# Information shown:
::::::::

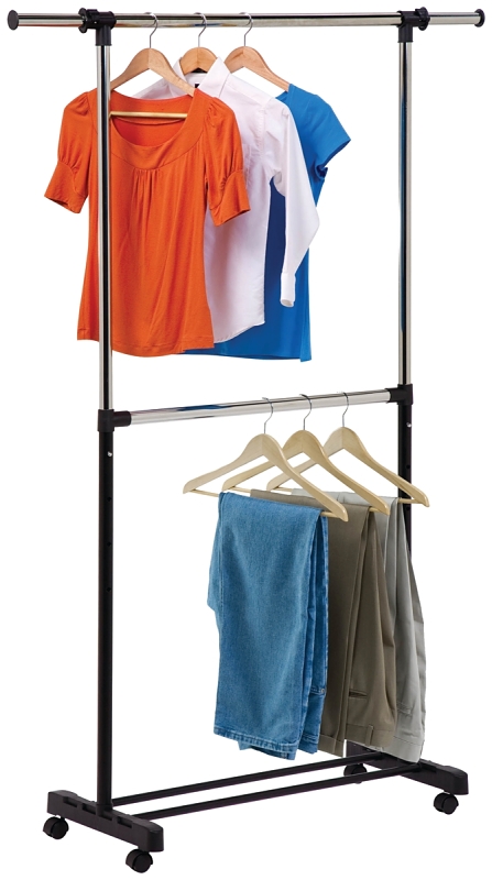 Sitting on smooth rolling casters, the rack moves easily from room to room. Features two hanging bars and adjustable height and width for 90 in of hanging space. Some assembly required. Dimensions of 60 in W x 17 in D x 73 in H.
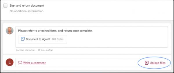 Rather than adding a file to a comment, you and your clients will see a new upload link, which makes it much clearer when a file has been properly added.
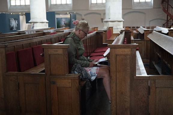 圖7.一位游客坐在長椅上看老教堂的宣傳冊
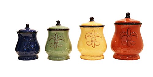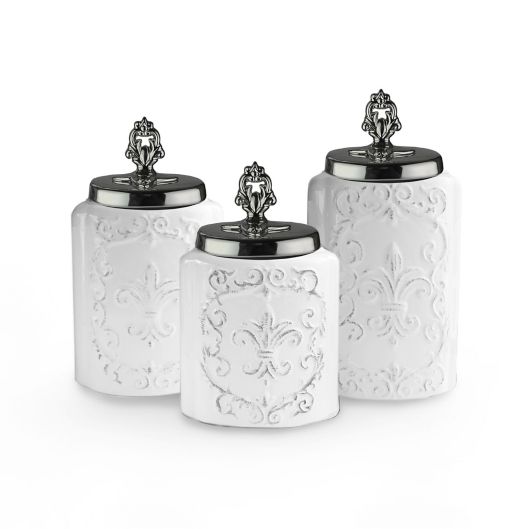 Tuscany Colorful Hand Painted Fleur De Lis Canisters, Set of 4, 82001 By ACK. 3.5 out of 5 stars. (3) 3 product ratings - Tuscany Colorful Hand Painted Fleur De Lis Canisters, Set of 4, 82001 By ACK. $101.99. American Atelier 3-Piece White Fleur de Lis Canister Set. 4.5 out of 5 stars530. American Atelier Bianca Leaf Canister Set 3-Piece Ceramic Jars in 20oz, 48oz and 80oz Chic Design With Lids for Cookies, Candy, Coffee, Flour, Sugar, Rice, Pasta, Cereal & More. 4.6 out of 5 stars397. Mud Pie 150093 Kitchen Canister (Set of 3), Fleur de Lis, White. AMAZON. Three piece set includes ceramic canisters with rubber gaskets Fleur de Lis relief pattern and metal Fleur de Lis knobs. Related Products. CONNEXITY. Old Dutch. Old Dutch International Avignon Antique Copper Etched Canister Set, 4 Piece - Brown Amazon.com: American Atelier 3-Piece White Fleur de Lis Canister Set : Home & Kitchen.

::::::::

# Problem details:
Retype the whole listing exactly and leave the pictures out.

# Your response:
 Sitting on smooth rolling casters, the rack moves easily from room to room. Features two hanging bars and adjustable height and width for 90 in of hanging space. Some assembly required. Dimensions of 60 in W x 17 in D x 73 in H.
 Rather than adding a file to a comment, you and your clients will see a new upload link, which makes it much clearer when a file has been properly added.
 圖7.一位游客坐在長椅上看老教堂的宣傳冊
 Tuscany Colorful Hand Painted Fleur De Lis Canisters, Set of 4, 82001 By ACK. 3.5 out of 5 stars. (3) 3 product ratings - Tuscany Colorful Hand Painted Fleur De Lis Canisters, Set of 4, 82001 By ACK. $101.99. American Atelier 3-Piece White Fleur de Lis Canister Set. 4.5 out of 5 stars530. American Atelier Bianca Leaf Canister Set 3-Piece Ceramic Jars in 20oz, 48oz and 80oz Chic Design With Lids for Cookies, Candy, Coffee, Flour, Sugar, Rice, Pasta, Cereal & More. 4.6 out of 5 stars397. Mud Pie 150093 Kitchen Canister (Set of 3), Fleur de Lis, White. AMAZON. Three piece set includes ceramic canisters with rubber gaskets Fleur de Lis relief pattern and metal Fleur de Lis knobs. Related Products. CONNEXITY. Old Dutch. Old Dutch International Avignon Antique Copper Etched Canister Set, 4 Piece - Brown Amazon.com: American Atelier 3-Piece White Fleur de Lis Canister Set : Home & Kitchen.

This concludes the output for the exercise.